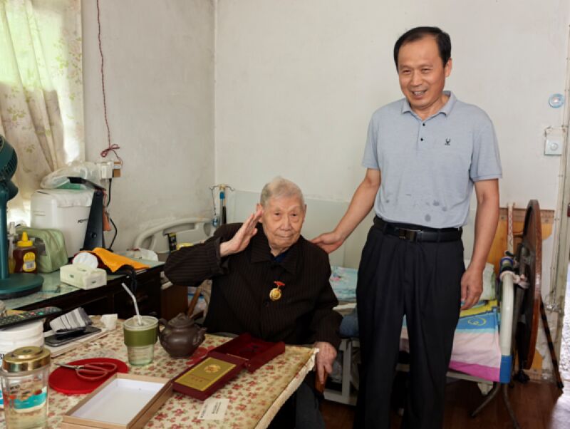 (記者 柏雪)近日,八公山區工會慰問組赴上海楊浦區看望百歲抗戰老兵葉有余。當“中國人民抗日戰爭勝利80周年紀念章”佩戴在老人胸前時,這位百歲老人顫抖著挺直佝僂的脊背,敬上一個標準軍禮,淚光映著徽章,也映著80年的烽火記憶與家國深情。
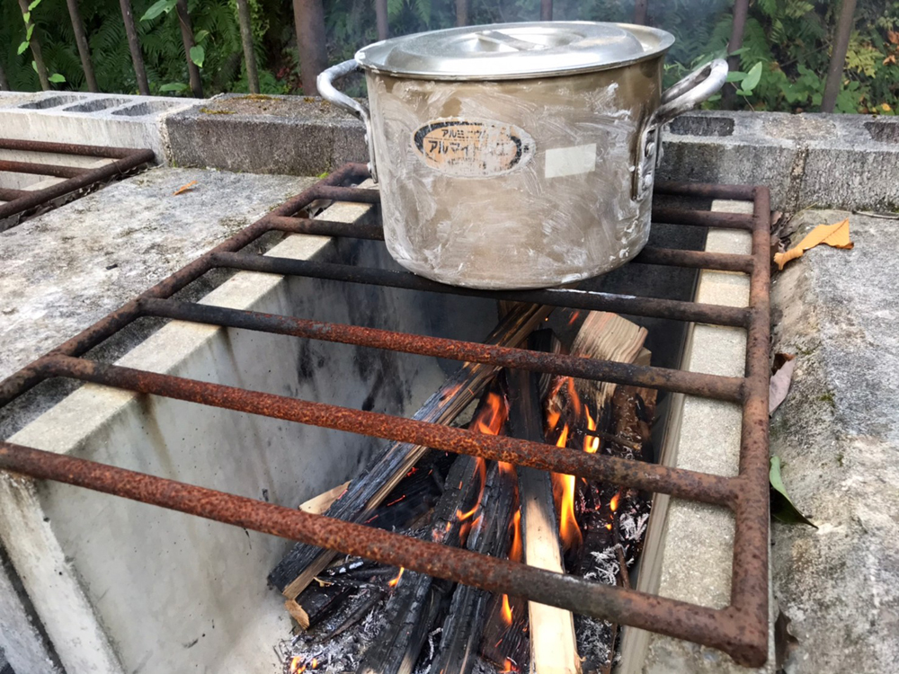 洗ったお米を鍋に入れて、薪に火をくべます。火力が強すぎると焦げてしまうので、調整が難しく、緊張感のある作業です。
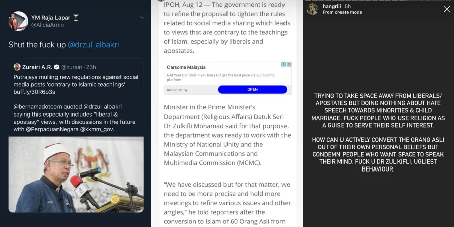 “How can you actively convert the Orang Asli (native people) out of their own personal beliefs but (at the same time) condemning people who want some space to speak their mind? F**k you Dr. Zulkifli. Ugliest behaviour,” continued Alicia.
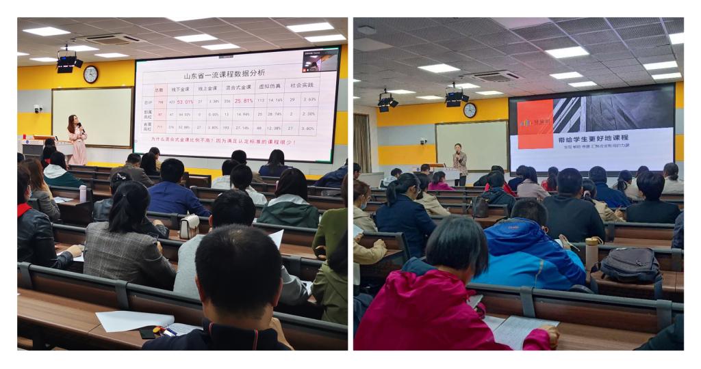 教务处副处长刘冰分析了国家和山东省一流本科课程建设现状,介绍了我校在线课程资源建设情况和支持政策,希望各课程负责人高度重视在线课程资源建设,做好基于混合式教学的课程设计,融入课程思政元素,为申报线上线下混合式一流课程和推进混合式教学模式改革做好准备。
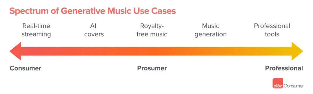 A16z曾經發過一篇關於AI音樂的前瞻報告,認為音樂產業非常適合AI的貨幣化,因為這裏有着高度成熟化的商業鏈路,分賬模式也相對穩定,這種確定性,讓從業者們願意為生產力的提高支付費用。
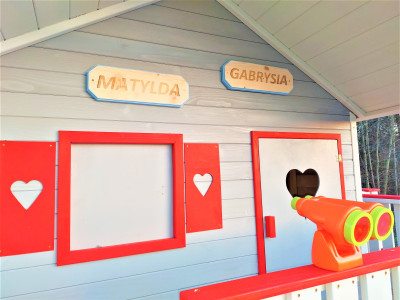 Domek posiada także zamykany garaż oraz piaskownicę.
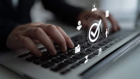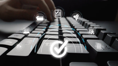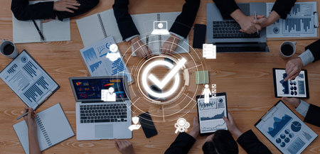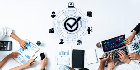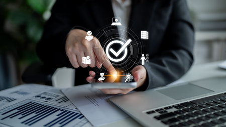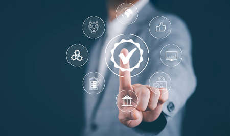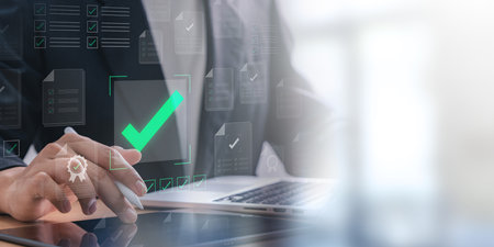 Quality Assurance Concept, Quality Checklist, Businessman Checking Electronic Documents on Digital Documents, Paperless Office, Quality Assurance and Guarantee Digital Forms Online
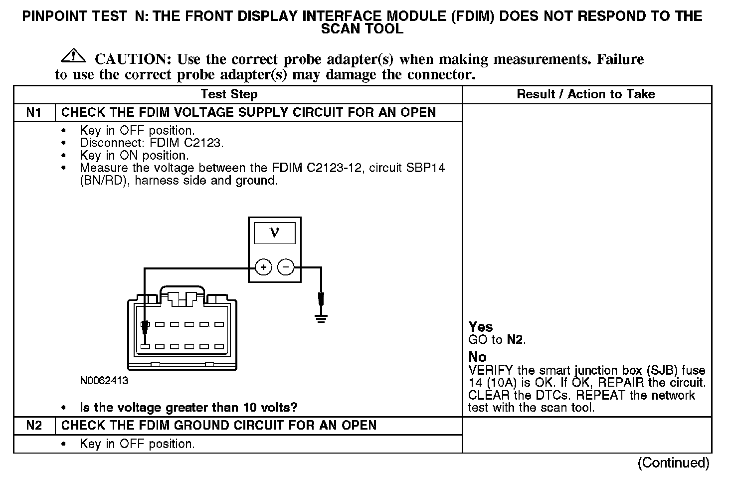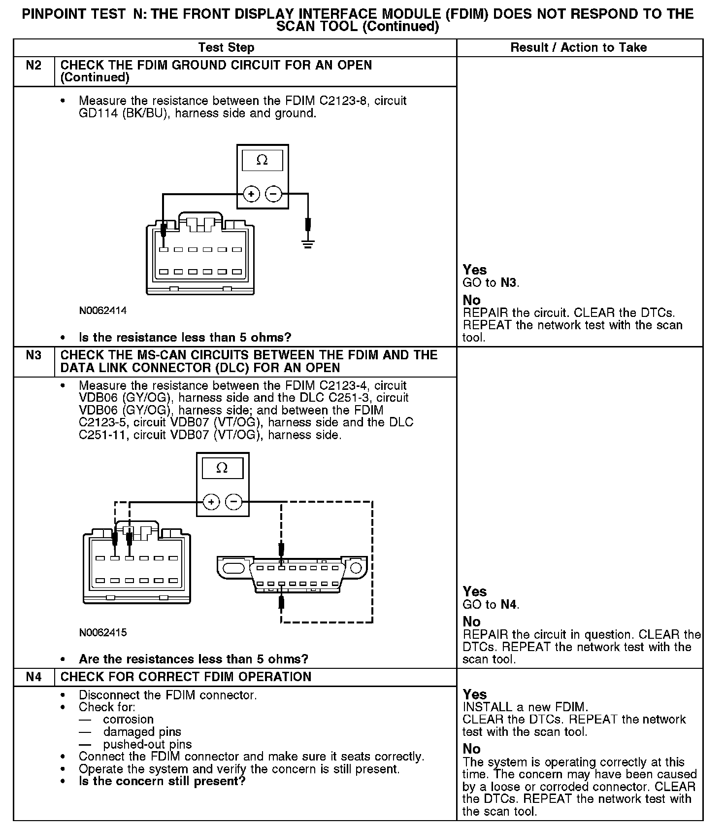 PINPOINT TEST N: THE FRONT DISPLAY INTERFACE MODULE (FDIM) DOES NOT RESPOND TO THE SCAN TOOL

Your goal:
Pictures excluded, repeat the material above from its first line through the line containing "Domek posiada także", both included.

Written answer:
 (記者 柏雪)近日,八公山區工會慰問組赴上海楊浦區看望百歲抗戰老兵葉有余。當“中國人民抗日戰爭勝利80周年紀念章”佩戴在老人胸前時,這位百歲老人顫抖著挺直佝僂的脊背,敬上一個標準軍禮,淚光映著徽章,也映著80年的烽火記憶與家國深情。
 洗ったお米を鍋に入れて、薪に火をくべます。火力が強すぎると焦げてしまうので、調整が難しく、緊張感のある作業です。
 “How can you actively convert the Orang Asli (native people) out of their own personal beliefs but (at the same time) condemning people who want some space to speak their mind? F**k you Dr. Zulkifli. Ugliest behaviour,” continued Alicia.
 教务处副处长刘冰分析了国家和山东省一流本科课程建设现状,介绍了我校在线课程资源建设情况和支持政策,希望各课程负责人高度重视在线课程资源建设,做好基于混合式教学的课程设计,融入课程思政元素,为申报线上线下混合式一流课程和推进混合式教学模式改革做好准备。
 A16z曾經發過一篇關於AI音樂的前瞻報告,認為音樂產業非常適合AI的貨幣化,因為這裏有着高度成熟化的商業鏈路,分賬模式也相對穩定,這種確定性,讓從業者們願意為生產力的提高支付費用。
 Domek posiada także zamykany garaż oraz piaskownicę.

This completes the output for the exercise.